A Letter To My Son

Dear Ben,

I’m so sorry that we are unable to give you the baby brother or sister that you long for.

I so desperately wanted this for you, and it will always be one of my life’s greatest disappointments that we couldn’t provide it.

It feels so sad that you won’t get to experience the kind of family life that your Dad and I both had when we were growing up; a home bursting full with life, noise, fun, and chaos, and yes, even those constant sibling squabbles.

As your mummy, my heart breaks for you over this a little bit every day. It breaks for every time I have to say no to a play date when you’re feeling lonely, and for every bath-time that you’ve protested because it’s boring splashing about on your own. It breaks for every time that you’ve asked Jesus for a baby in your bedtime prayers, for each time I’ve found you in your bedroom teaching games to your toys, and in so many other little moments too.

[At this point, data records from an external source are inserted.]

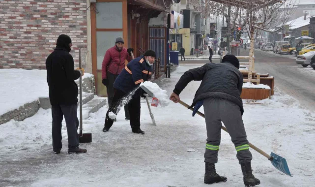 Kars'ta kaldırımların buz ve karı temizleniyor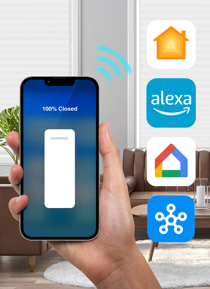 ![]()  - Connects with SmartThings via Zigbee. Create automated schedules and control your blinds from your smartphone.
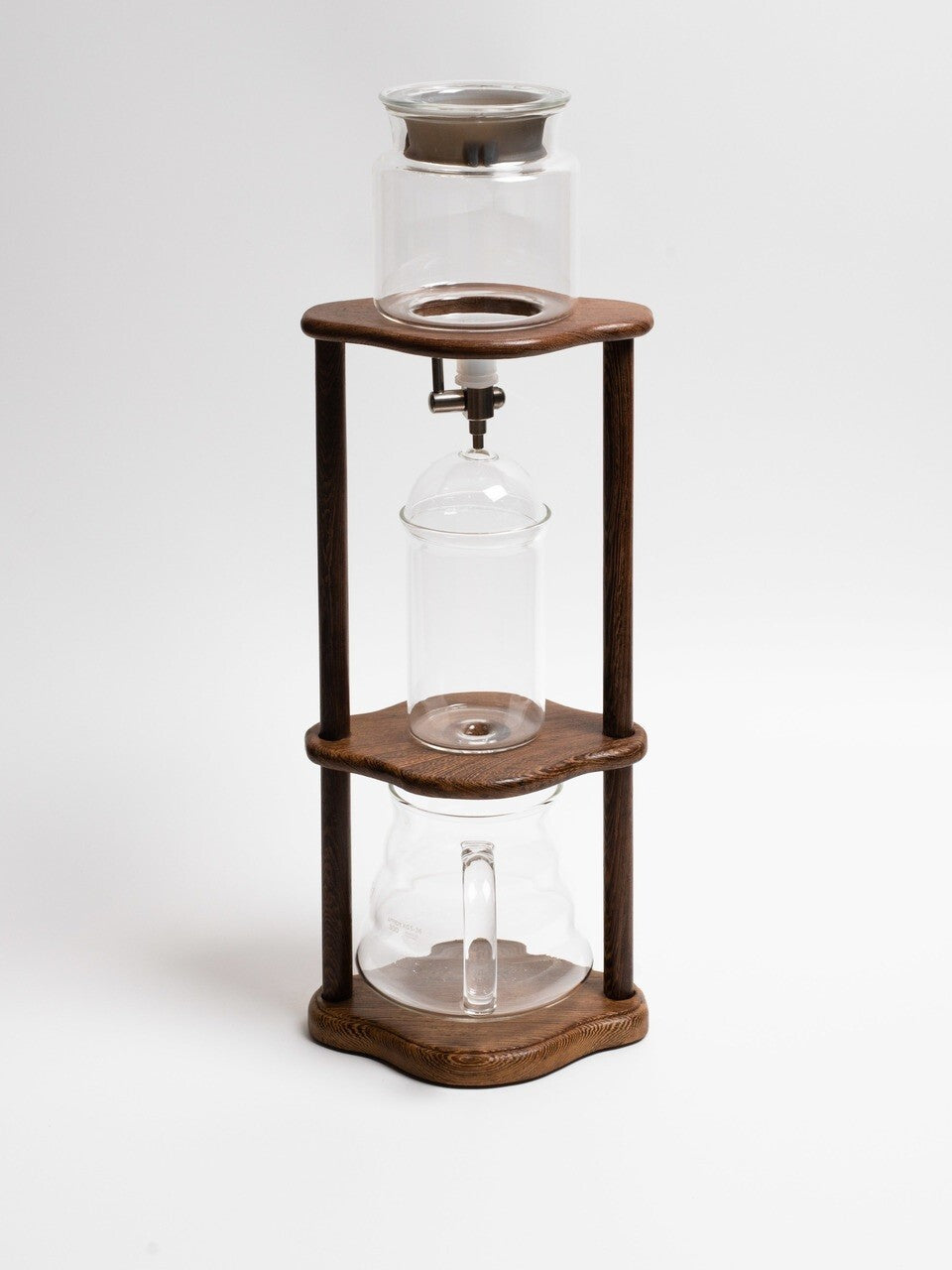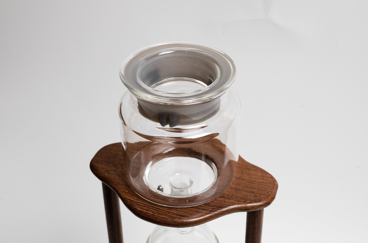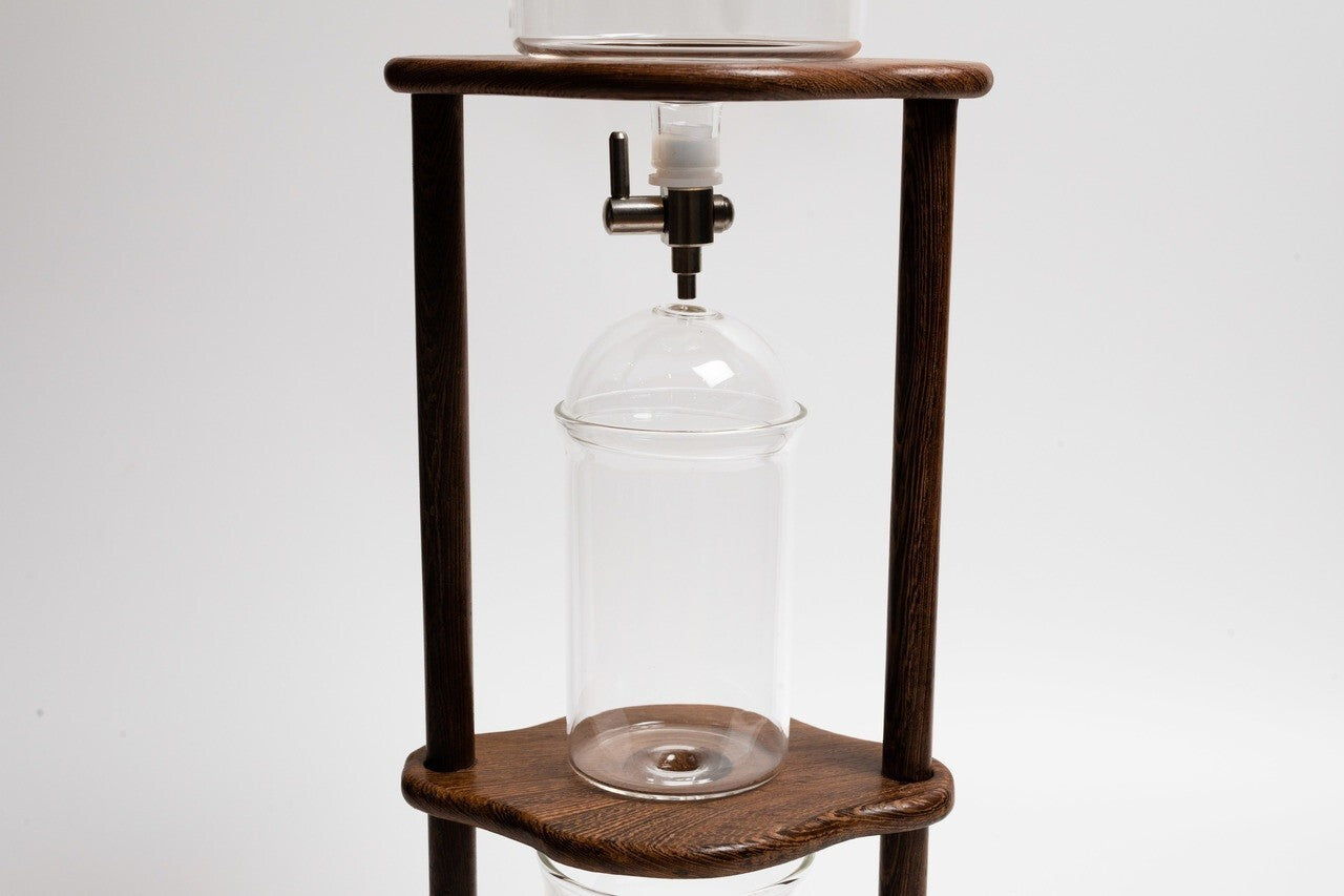 Cold drip coffee tower with a wooden stand.

You would have been such a good big brother. You are so kind, brave, and full of affection.

I would give anything to be able to rewrite this part of our family’s story, but some things in life are simply not ours to choose.

Still, we tried. Heaven knows, we really tried. You even have three siblings in heaven to prove it. And who knows, but maybe you will get to meet them up there someday instead…

But in the meantime, I simply want you to know that you are seen and not forgotten. You are loved more than you could ever know.

Sometimes I really do wish that we could just build a rocket in the garden and fly up to heaven, where Jesus lives, to buy you a baby brother or sister - just as you suggested to me the other day!

I only so wish it were that simple…

The truth is that I really don’t know why God hasn’t answered your prayers or mine about this, but what I do know is that He loves you even more than I do. So I also have to trust that He will cover every gap in your life that I can’t fill as you grow up, and that nothing about this situation can ever thwart his good plans for your life.

Ben, you truly are our little walking, talking miracle, and we are so blessed to have you in our lives! I realise this now more than I ever have.

I am so very, very proud of who you are becoming, and so very grateful that I get to be your mum.